To begin with, we setup a source. During the call to NeedLoadedDotNetRuntimes, we will call TraceLoadedDotNetRuntime.SetupCallbacks. This function registers a callback as follow:

source.Clr.GCHeapStats += delegate (GCHeapStatsTraceData data)
{
    var process = data.Process();
    var stats = currentManagedProcess(data);
    TraceGC _gc = TraceGarbageCollector.GetCurrentGC(stats);

    var sizeAfterMB = (data.GenerationSize1 + data.GenerationSize2 + data.GenerationSize3 + data.GenerationSize4) / 1000000.0;
    if (_gc != null)
    {
        _gc.HeapStats = new GCHeapStats()
        {
            // ...
        }
    }
}

The data is an instance of GCHeapStatsTraceData, which is constructed only twice during the setup. Those instances are the templates. When we call source.Process(), trace event will use these template objects to issue callbacks. These callbacks will use the properties on the data. Here is how these properties are implemented:

public long GenerationSize0 { get { return GetInt64At(0); } }
public long TotalPromotedSize0 { get { return GetInt64At(8); } }
public long GenerationSize1 { get { return GetInt64At(16); } }
...
public long GenerationSize4 { get { if (Version >= 2) { return GetInt64At(94); } return 0; } }
public long TotalPromotedSize4 { get { if (Version >= 2) { return GetInt64At(102); } return 0; } }

The idea is that the underlying data is shifted to read different events, therefore the call to the GenerationSize0 property will read the 0th byte to the 7th byte of the underlying event object and reinterpret that as a long.
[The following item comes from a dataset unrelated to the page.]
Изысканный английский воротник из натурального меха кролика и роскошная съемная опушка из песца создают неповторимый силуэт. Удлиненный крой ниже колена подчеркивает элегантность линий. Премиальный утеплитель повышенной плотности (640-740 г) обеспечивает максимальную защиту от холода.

This correlates with the serialization code above.

The last two lines were added by me to fix the parsing of the pinned object heap size. Notice that I have a version check there to make sure when we read old traces, we won’t be reading things that do not exist there. In general, this is how event versioning work, as we introduce new fields into the event, we just put it at the very end so that the old trace reader will just ignore that. The fact that the pinned object heap size is unknown is exactly this. Before the change, it just read up to version 1.
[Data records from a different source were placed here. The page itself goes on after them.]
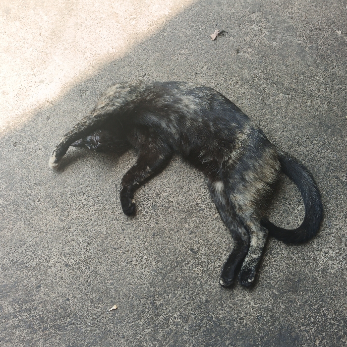 - "The scene displays a deceased tortoiseshell cat lying on a grey, textured concrete or asphalt surface" by FM-ALdt42, licensed under CC BY 4.0
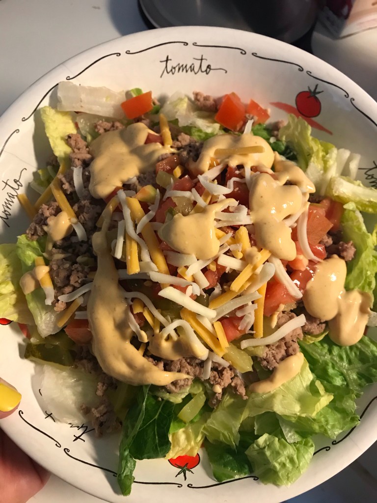 For lunch Friday, I tried cheeseburger salad with ground turkey and a “special” sauce made out of non-fat plain Greek yogurt. It was good – I had it again for dinner last night!
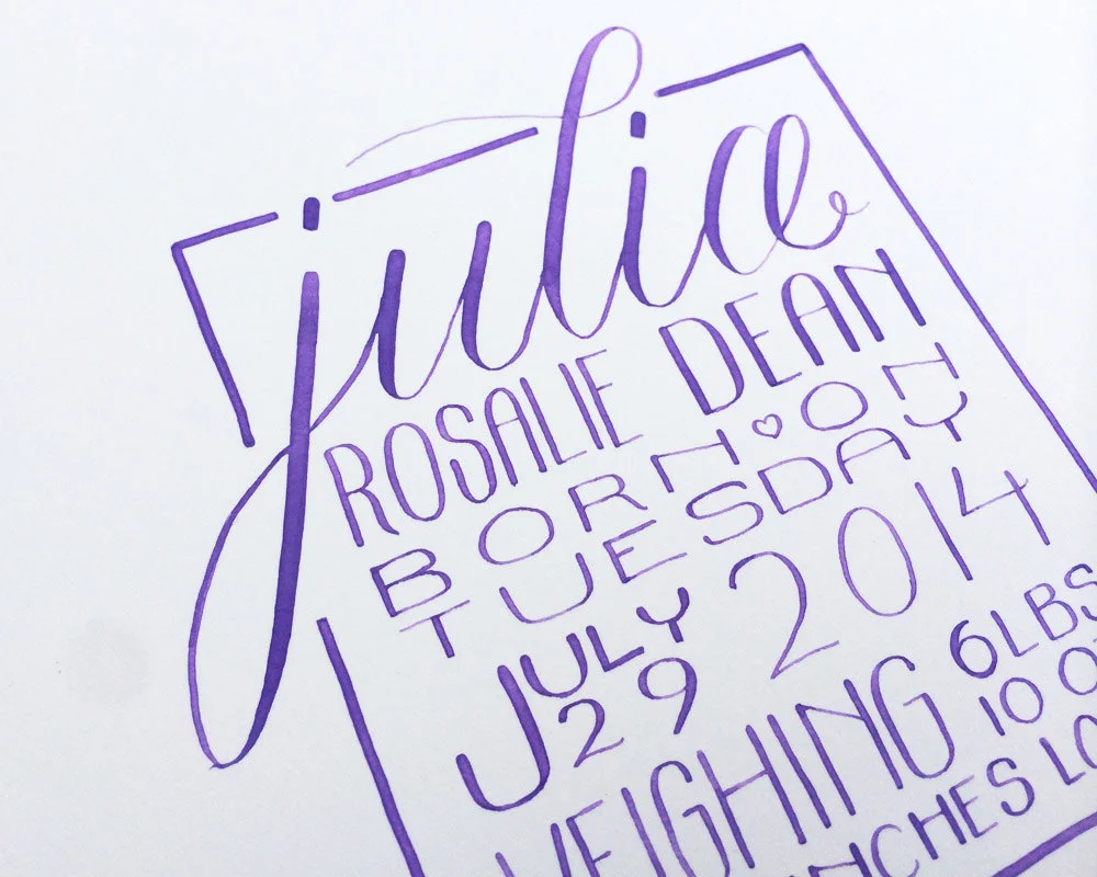These custom baby commemoratives are a great way to remember your little one's birth or a loved one's special day. These make great gifts! Each commemorative is unique and given its own flare based on the information provided. A standard commemorative will come in black and list the baby or child's name, birth date, weight and length. You can also add a custom verse or phrase for an additional cost. If you choose this option please write your verse in the comments section along with the rest of your information. Commemoratives come with a white or black conservation mat with a foam core backer for stability and are enclosed in a sealed clear sleeve. Artwork (including mat) will fit a standard 11x14 frame (frame not included). If you select the color option you will be emailed a color chart to choose your color from.

Consumption of these new properties

This will introduce a new property called GenerationSize4 in GCHeapStat class, but it is not useful if we just leave it there. Various places in PerfView consuming GenerationSize3 is now modified to also consume GenerationSize4 in a reasonable way. That concludes the whole fix to the tooling to support pinned object heap size.